Sampling and recruitment
For the purpose of the larger ePrescribing research programme, purposeful sampling38 ,39 was used to select six English case study hospitals that were either planning to implement or had recently implemented an ePrescribing system. We used criterion sampling40 to ensure that we covered systems developed in different countries (England and abroad). We selected sites that had implemented/were implementing a range of standalone applications (discrete systems that must be interfaced to connect to other HIT) and hospital-wide (integrated) packages. These were identified through a scoping study of the English ePrescribing market.41 This selection, which was undertaken for the purposes of the overall study, also helped us to investigate different dimensions causing unintended safety risks in systems with differing architectures.
Then, in each site, we conducted purposive and snowball sampling of individual participants,39 by contacting the director of pharmacy or chief pharmacist for HIT as the initial point of contact, to recruit a diverse range of stakeholders, including providers (eg, doctors, pharmacists and nurses) and implementation team members for interviews and observations. In this process, we recruited a maximum variation sample42 including a wide range of respondents encompassing varying levels of seniority, different professions and different viewpoints. This included clinical users (consultants, junior doctors, nurses, pharmacists and other health professionals), decision makers and managers (implementation teams, information technology specialists), technical support staff and system suppliers.
Data collection
We used a combination of methods to collect data from each study site (table 1, adapted from our earlier papers,32 ,34 summarises the data collection methods and sites).
Summary of data collection sites
Semistructured interviews (with open-ended questions) were the main method of data collection. The interviews were conducted (by HM and KMC) between December 2011 and August 2015 (ranging from 15 min to 2 hours). The interview guides (see box 1 for a summary) were designed around topics surrounding organisational context and system, user expectations and experiences (positive and negative), implementation process and challenges, and perceived and actual changes to work practices. The guides were then tailored to the roles and organisations of individuals. We supplemented these with over 35 hours of observation of implementation meetings as well as following users as they used the system. In addition, we collected organisational documents, including project plans, risk logs and business cases, related to the interviews.
Summary of interview guide
▸ Description of background, position, organisational context, and system
▸ Expectations from system
▸ Experiences of system in use
▸ Perceived benefits/trade-offs of using system
▸ Patient safety risks not eliminated by use of system
▸ Expectations from system supplier (developer)
▸ User–supplier relationships
▸ Implementation strategy and challenges
Data collection started before implementation for four sites.
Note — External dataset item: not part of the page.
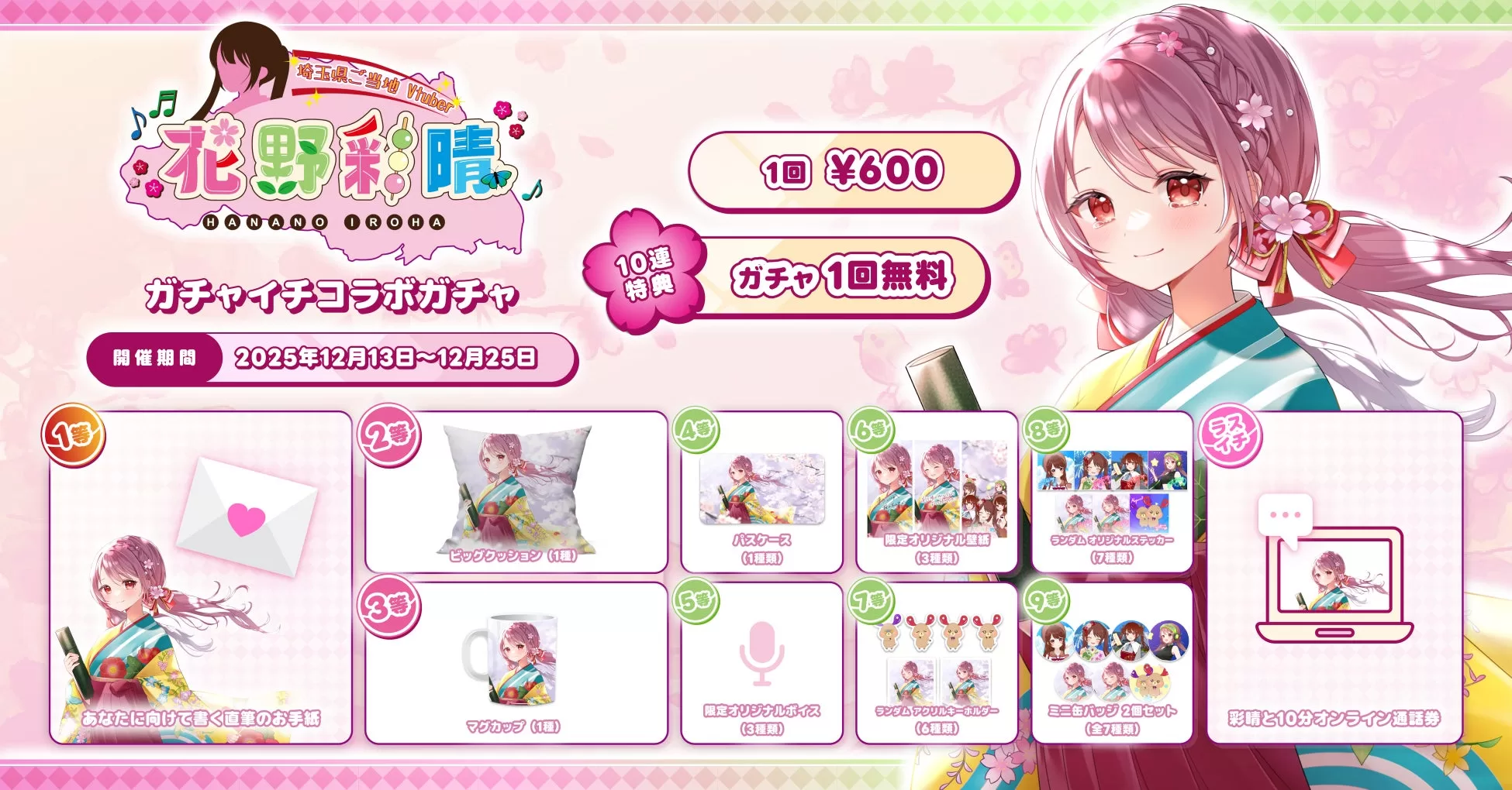 本イベントは、埼玉を拠点とする両者のコラボレーションで、東京・大阪へ展開する狙いがあるとのこと。景品は本コラボ限定グッズ全9種類で、10分オンライン通話券、あなたに向けて書く直筆のお手紙、ビッグクッション、マグカップ、パスケース、限定オリジナルボイス、限定オリジナル壁紙、ランダムアクリルキーホルダー、ランダムオリジナルステッカー、ミニ缶バッジ2個セットがラインナップされる。

Additional data collection was repeated soon (a few days to 1 month) after the initial roll-out and then again 6–12 months after implementation. For ‘embedded’ sites (two hospitals that had implemented the systems before the beginning of our research, A and D), data collection was conducted twice with an approximately 2-year gap between the two data collection periods.
Data analysis
We used inductive and deductive analysis in this study. Initially, the lead researchers (HM, KMC) coded individual case study data using NVivo 10. The recurring codes formed categories and themes.40 ,43 We drew on the Biography of Artefacts framework44 ,45 and considered issues arising across the lifecycle of system design, implementation and use (the deductive component). Our earlier studies31–35 had highlighted how diverse problems arising in each of these phases could give rise to unintended consequences including safety threats. Unintended consequences were a recurrent theme; however, an overarching understanding of their character and causes was not yet available. We therefore determined to revisit our extensive database of ethnographic interviews. We purposefully explored the interviews to extract all available information about negative unintended consequences, their underlying factors, and possible mitigation/avoidance strategies. During this process, we also recorded emerging themes (the inductive component). Then we compared the emerging findings of each case with other cases in data analysis meetings (HM, KMC, RW) to form the final set of themes. This involved discussion of disconfirming evidence by the extended research team, to minimise the risk of researcher bias. The use of different methods allowed us to triangulate the emerging findings to produce a robust understanding of the results.46
Results
We analysed 214 interviews (163 interviewees) and 24 observations (35 hours) and collected 18 documents. We identified different causes of safety threats and some of the unanticipated safety-related consequences resulting from the introduction of ePrescribing systems (table 2). We also highlighted some of the strategies used by adopters of these systems to avoid or reduce the effect of these risks.
Taxonomy of roots of unintended safety threats associated with the introduction of ePrescribing systems
Origins of safety threats associated with the introduction of ePrescribing
New areas of potential safety risks became apparent as systems were adopted in hospitals. Our analysis highlighted the various circumstances that triggered these. We categorised these into three main underlying potential problems: (i) inadequacies in system design; (ii) inappropriate system use; and (iii) problems in implementation strategies and infrastructures. We explore these three areas in detail below.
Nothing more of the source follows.